Артур прибежал домой, упал на диван вниз лицом и разревелся в голос… Бабушка тормошила: «Что случилось? Что?» «Ничего!» – отталкивал встревоженную бабушку и не мог остановить рыданий…
Однажды Бяшка бросил щенка в котлован, что вырыли на другой стороне их улицы под строительство дома. Вырыли и забросили. Обильные дожди заполнили котлован водой.

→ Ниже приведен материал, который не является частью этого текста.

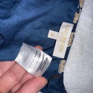 Ramy Brook Medium Barbara Dress Puff Sleeve Navy Tan Floral Boho Pattern EUC
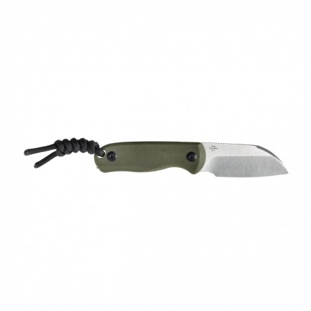 W nożu zastosowano rękojeść z G10. Jest to wytrzymały i lekki kompozyt wykonany z laminatu szklano-epoksydowego. Charakteryzuje się wysoką odpornością na wilgoć, chemikalia i ekstremalne temperatury. Dodatkowo teksturowana powierzchnia zapewnia pewny chwyt, co zwiększa kontrolę nad nożem podczas użytkowania.
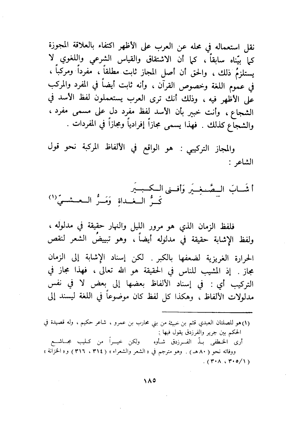 نقل اسْتِعْمَاله فِي مَحَله عَن الْعَرَب على الْأَظْهر اكْتِفَاء بالعلاقة المجوزة كَمَا بَيناهُ سَابِقًا كَمَا أَن الِاشْتِقَاق وَالْقِيَاس الشَّرْعِيّ واللغوي لَا يسْتَلْزم ذَلِك وَالْحق أَن أصل الْمجَاز ثَابت مُطلقًا مُفردا ومركبا فِي عُمُوم اللُّغَة وخصوص الْقُرْآن وَأَنه ثَابت أَيْضا فِي الْمُفْرد والمركب على الْأَظْهر فِيهِ وَذَلِكَ أَنَّك ترى الْعَرَب يستعملون لفظ الْأسد فِي الشجاع وَأَنت خَبِير بِأَن الْأسد لفظ مُفْرد دلّ على مُسَمّى مُفْرد والشجاع كَذَلِك فَهَذَا يُسمى مجَازًا إفراديا ومجازا فِي الْمُفْردَات وَالْمجَاز التركيبي هُوَ الْوَاقِع فِي الْأَلْفَاظ المركبة نَحْو قَول الشَّاعِر أشاب الصَّغِير وأفنى الْكَبِير كرّ الْغَدَاة وَمر الْعشي فَلفظ الزَّمَان الَّذِي هُوَ مُرُور اللَّيْل وَالنَّهَار حَقِيقَة فِي مَدْلُوله وَلَفظ الإشابة حَقِيقَة فِي مَدْلُوله أَيْضا وَهُوَ تبييض الشّعْر لنَقص الْحَرَارَة الغريزية لِضعْفِهَا بِالْكبرِ لَكِن إِسْنَاد الإشابة إِلَى الزَّمَان مجَاز إِذْ المشيب للنَّاس فِي الْحَقِيقَة هُوَ الله تَعَالَى فَهَذَا مجَاز فِي التَّرْكِيب أَي فِي إِسْنَاد الْأَلْفَاظ بَعْضهَا إِلَى بعض لَا فِي نفس مدلولات الْأَلْفَاظ وَهَكَذَا كل لفظ كَانَ مَوْضُوعا فِي اللُّغَة ليسند إِلَى

Туда швырнул Бяшка щенка, тот пытался выплыть на сухое, да не плавать учил его Бяшка. Он оттачивал меткость, швырял в борющегося за жизнь щенка камнями, пока тот не пошёл на дно…
– Артур, – говорила трубка, – вспомнил меня? Это Бяшка, а тебя звали Копчёным.
Артур был смуглым, за что прозвали Копчёный. Ему завидовали, никто не загорал так быстро и ровно, как он… Кожа лица давно утратила детскую смуглость…
Трубка продолжала представляться:
– А я тебя дразнил Копчёный чугунок! Помнишь?
Какой он сейчас Бяшка? Сорок лет миновало.
Бяшка жил в третьем подъезде, там же Саня по кличке Украина. Иногда его звали: Украина – мать жидова, но чаще – Хохляндия.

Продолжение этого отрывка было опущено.